## Task
What you return should be only the lines starting at the one that contains "新入的收腰衬衫,配微喇弹力裤" and running to the end of the listing, exactly as written, minus any pictures.

## Data excerpts
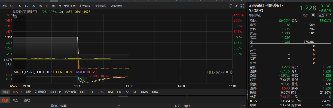 12月26日,港股红利主题ETF呈现强势上涨,吸引了众多投资者的追捧。然而,仅仅一天之后,12月27日,红利港股ETF、港股央企红利ETF以及港股通红利低波ETF均遭遇跌停,让投资者措手不及。
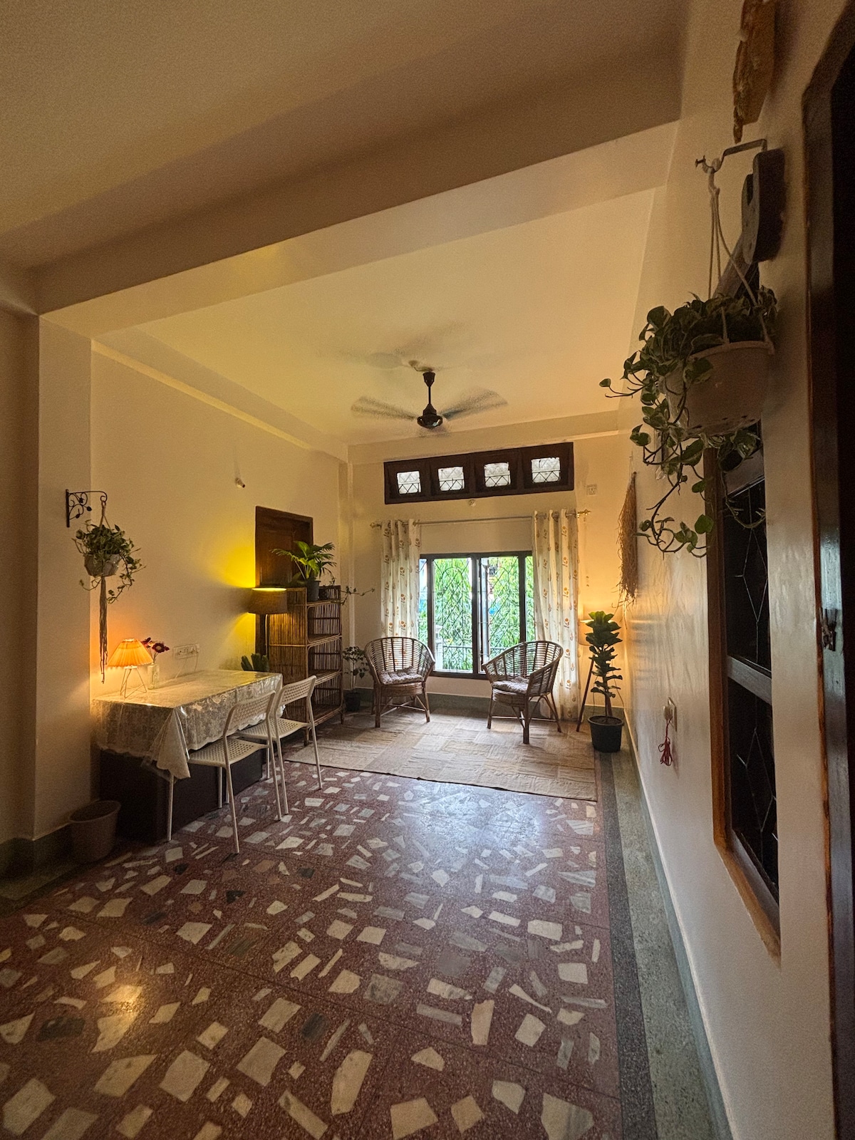 The Cozy Zoo Road Apartment offers the best of both worlds - a lovely and peaceful abode in one of the most central locations of the city. The apartment has ACs in all the rooms. It is located in a private family lane. It offers everything you may need to have a homely experience. Super high-speed wifi, private parking, attached bathrooms, full-fledged kitchen, smart TV, workspace, and a pretty patio. It has been renovated and designed in an eco-friendly way reusing vintage furnitures.
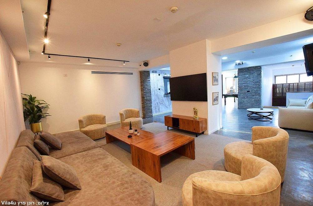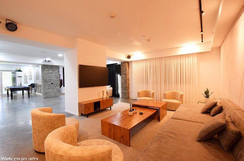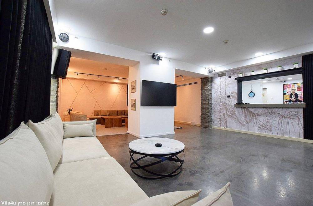 סלון יוקרתי נפתח לספה הכולל מסך צפייה
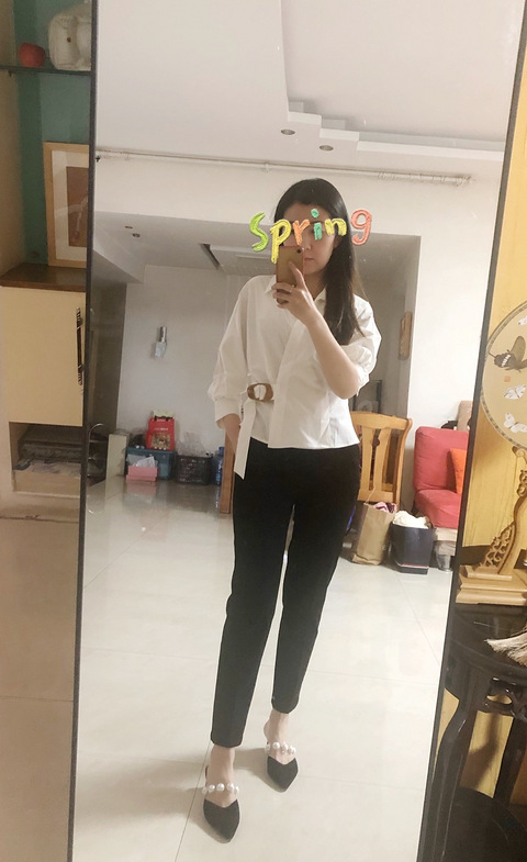 新入的收腰衬衫,配微喇弹力裤。裤子很舒服,不起皱。鞋子也是今天到的很好搭配。配了两条不同的裤型,一条微喇一条铅笔裤,铅笔裤是西裤样式,春秋厚度。
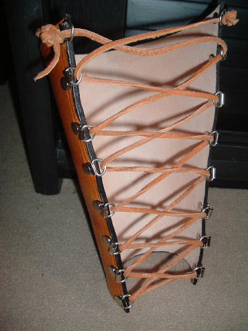 Ich habe meinen ersten Armschutz aus dem Schaft eines kaputten Lederstiefels gebaut. Wenn der Stiefel schon lange eher eine "sandale" ist, ist dennoch der Schaft meistens noch in Ordnung und viiiiel zu schade zum wegwerfen ! Tragespuren (zusammengerutscht oder so) kriegt man ganz gut weg, wenn man das Leder feucht aufspannt.
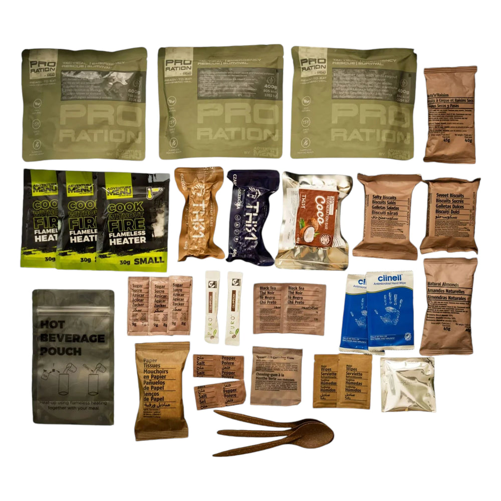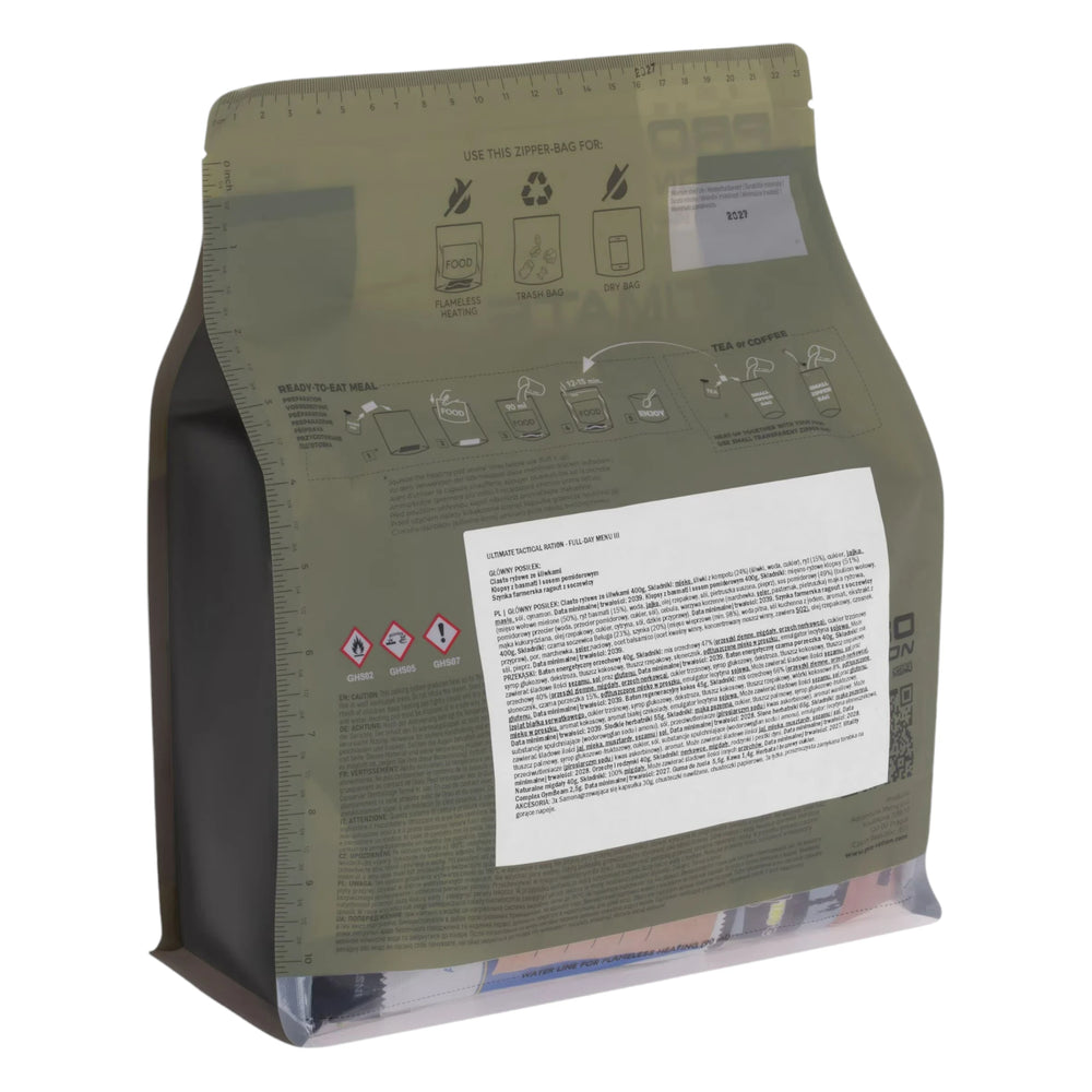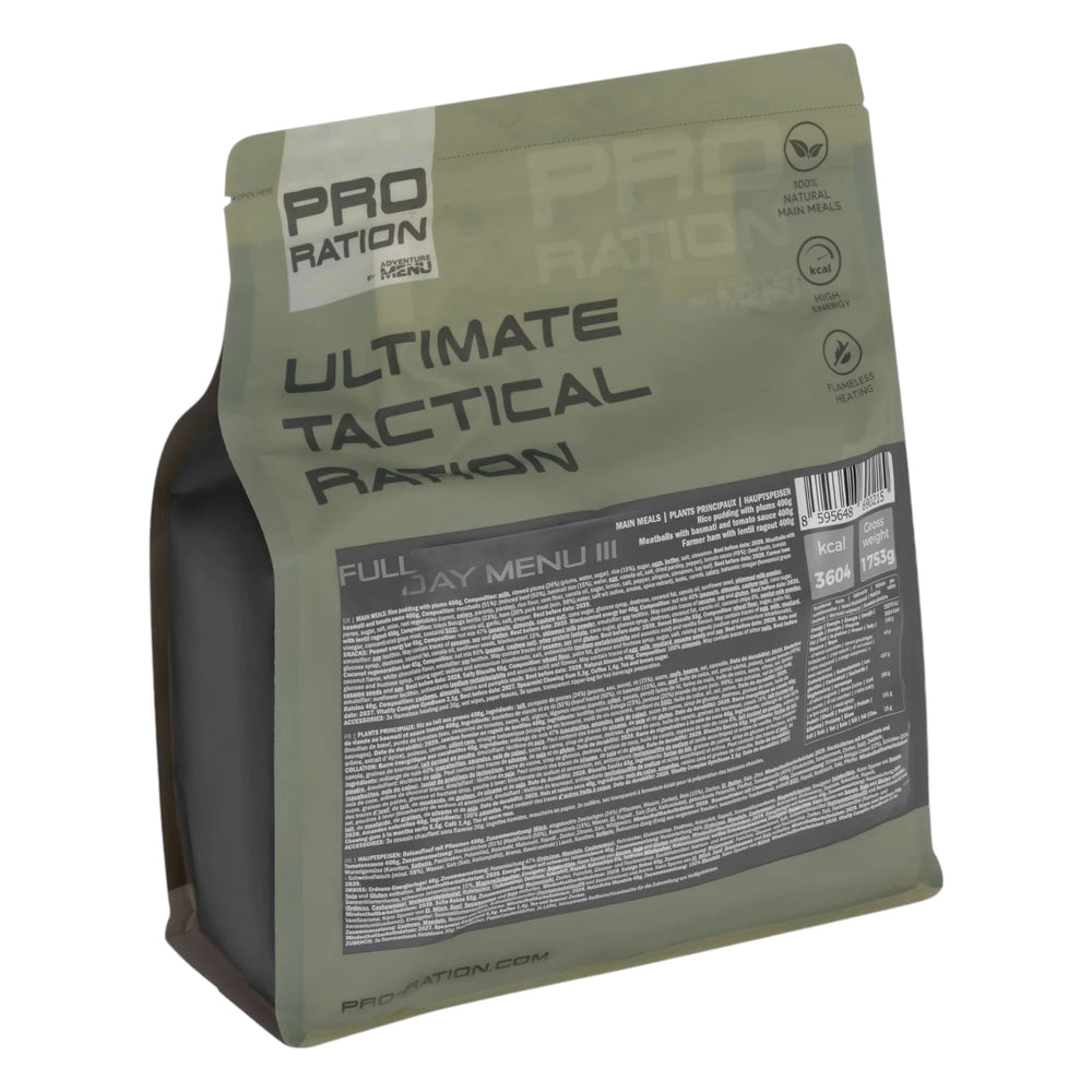 Das Pro-Ration Ultimate Tactical Ration Tagesmenü III bietet eine vollständige Verpflegungslösung für einen ganzen Tag, perfekt für anspruchsvolle Outdoor-Aktivitäten oder lange Einsätze. Es enthält drei schmackhafte warme Mahlzeiten sowie eine Auswahl an energiereichen Snacks, die den gesamten Tag über für ausreichende Nährstoffzufuhr sorgen. Dank der flammenlosen Heizkissen lassen sich die Mahlzeiten problemlos unterwegs erwärmen.

## Exercise answer
 新入的收腰衬衫,配微喇弹力裤。裤子很舒服,不起皱。鞋子也是今天到的很好搭配。配了两条不同的裤型,一条微喇一条铅笔裤,铅笔裤是西裤样式,春秋厚度。
 Ich habe meinen ersten Armschutz aus dem Schaft eines kaputten Lederstiefels gebaut. Wenn der Stiefel schon lange eher eine "sandale" ist, ist dennoch der Schaft meistens noch in Ordnung und viiiiel zu schade zum wegwerfen ! Tragespuren (zusammengerutscht oder so) kriegt man ganz gut weg, wenn man das Leder feucht aufspannt.
 Das Pro-Ration Ultimate Tactical Ration Tagesmenü III bietet eine vollständige Verpflegungslösung für einen ganzen Tag, perfekt für anspruchsvolle Outdoor-Aktivitäten oder lange Einsätze. Es enthält drei schmackhafte warme Mahlzeiten sowie eine Auswahl an energiereichen Snacks, die den gesamten Tag über für ausreichende Nährstoffzufuhr sorgen. Dank der flammenlosen Heizkissen lassen sich die Mahlzeiten problemlos unterwegs erwärmen.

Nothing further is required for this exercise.